I did fairly well managing my depression through a combination of writing, drinking tea, limiting alcohol intake, and exercising regularly.

However, my depression resurfaced during my senior year of college in a way that I did not recognize.

Suddenly, it became hard to eat. I felt like physically I could not sit down and eat a meal. I was too sad to take the time to slow down and have that time for myself. I became afraid of the food that I knew would properly nourish my busy days. I was scared of what would keep me alive.

In September of 2016, I was admitted to ICU for the second time with severe depression and anorexia. My heart rate was in the high 30s, and I signed a 'DNR' because I did not want to live anymore.

My doctors had asked me if I wanted to speak with a therapist, but I declined. I didn't think there was any way that they could help me. Just like the doctors had done, I had wrote myself off as being a lost cause. They recommended trying an antidepressant or an anti anxiety medicine, but I declined, because of how my body had reacted in the past.

Eventually, it became so overwhelming, where I was not able to properly take in food, or concentrate long enough to hold a full conversation, that I turned the corner and was willing to try anything one more time to give me a shot at life.

My doctors started me on a low dose of antidepressants, one I have never tried or heard of before. I had told them my previous history with medication, and she told me she had a high success rate for this one. I felt hopeful and trusted her.

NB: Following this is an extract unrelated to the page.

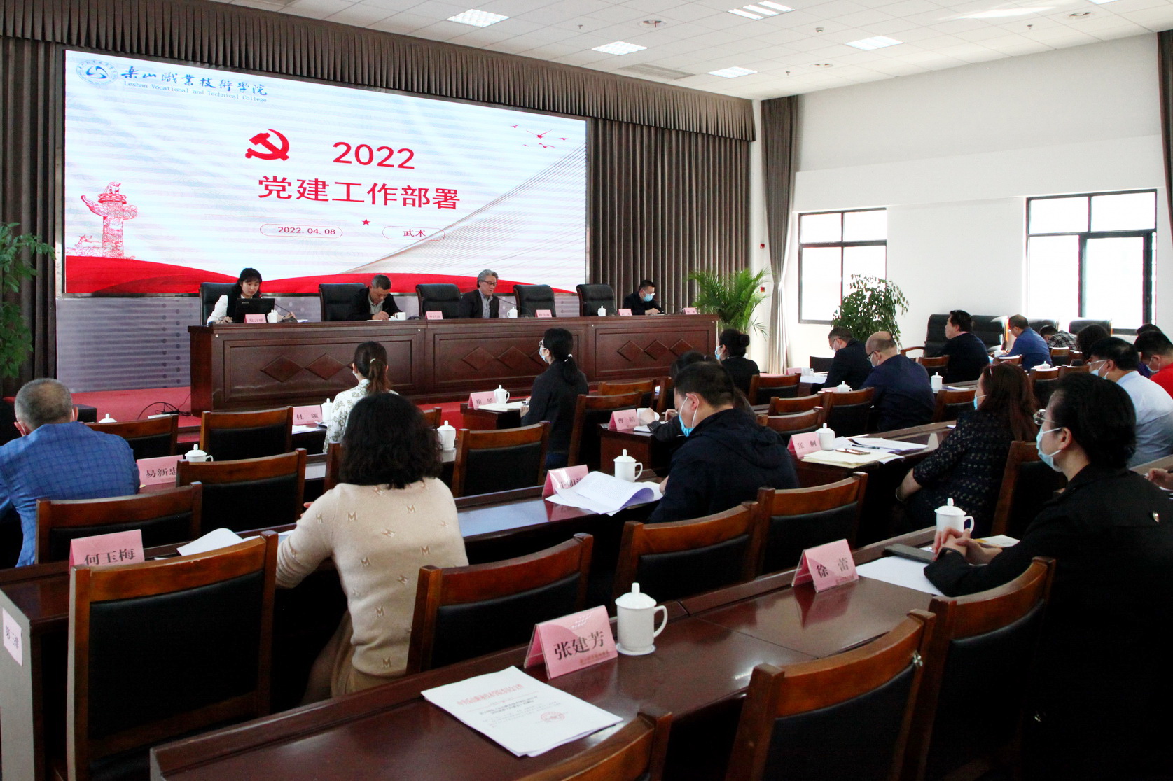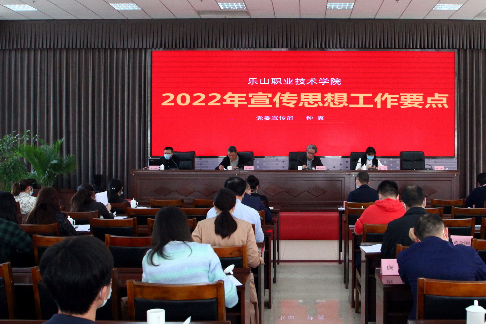 党委组织人事部部长武术和宣传部部长钟翼分别就2022年党建工作和宣传思想工作作了部署。药学系、旅游系、机电工程系、马克思主义学院党总支就2021年各自的党建工作和宣传思想工作作了交流发言。

Two days after I started the medication, I felt like a cloud was lifted from my thoughts. Things had turned from a dark shade of gray to a mild one. I was able to sit up in my bed and greet my mom. I was able to focus on our conversation and I felt like I wanted to talk. I wanted the company. Things were going in the right direction.

The medicine had helped me get my will back and slowly I began to care less about the food I was putting in my body. My brain was no longer rejecting it for whatever reason it could come up with to avoid the food. My brain wasn't preventing my life source.

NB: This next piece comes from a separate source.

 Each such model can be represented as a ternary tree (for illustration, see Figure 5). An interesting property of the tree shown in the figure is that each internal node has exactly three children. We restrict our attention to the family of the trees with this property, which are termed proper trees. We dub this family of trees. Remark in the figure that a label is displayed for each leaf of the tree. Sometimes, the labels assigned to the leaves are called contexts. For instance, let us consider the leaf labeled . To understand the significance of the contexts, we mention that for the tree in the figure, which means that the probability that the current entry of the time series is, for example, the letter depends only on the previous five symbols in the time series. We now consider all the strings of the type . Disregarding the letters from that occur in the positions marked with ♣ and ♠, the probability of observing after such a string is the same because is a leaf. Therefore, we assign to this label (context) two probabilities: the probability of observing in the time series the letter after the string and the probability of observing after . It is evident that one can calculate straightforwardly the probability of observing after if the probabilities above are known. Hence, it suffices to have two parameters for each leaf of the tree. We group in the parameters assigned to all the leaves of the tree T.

I've been on the same medication now for over two years, and sometimes I am in awe of how my life looks like today. Having dealt with depression for so long, I didn't think it was possible for me to feel genuine happiness and feel comfortable in my own skin and my body. I think back to these low times and I feel grateful for those people that did not let me give up.

I have people ask me how I managed to get my depression under control, like there is a one-size-fits-all approach. Believe me, I know how disheartening it can be to feel like there is no hope. I know how frustrating it can be to try natural approach after natural approach and not see the results that you had hoped for. I know how scary it can be to try a medication that you have an adverse reaction to, or does not work well enough for you.

Treatment is a lot, a lot of trial and error. And ultimately, patience. First, decide what you want as a treatment approach is a very personal thing. If you believe your specific instance may require and benefit from medication, do your research and talk to your doctor. In talking to a doctor, I would question any doctor who jumps to prescribe you medicine before fully understanding your diagnosis and your situation. Are you in a particular time of stress? (moving, break up, loss of a family member, starting school, etc.) These may not require medication, but could benefit from journaling, or eating more fruits and vegetables, moving your body with exercise, talk therapy, etc.

I would recommend keeping a journal throughout your treatment to document how your mood changes with each treatment approach. This is the best way to find out what works for you and what didn't, and go back to the drawing board.

Remember: what works for one person will not work for everyone. Some people will benefit from a low dose of medication, and others may need a higher dose of a different medication.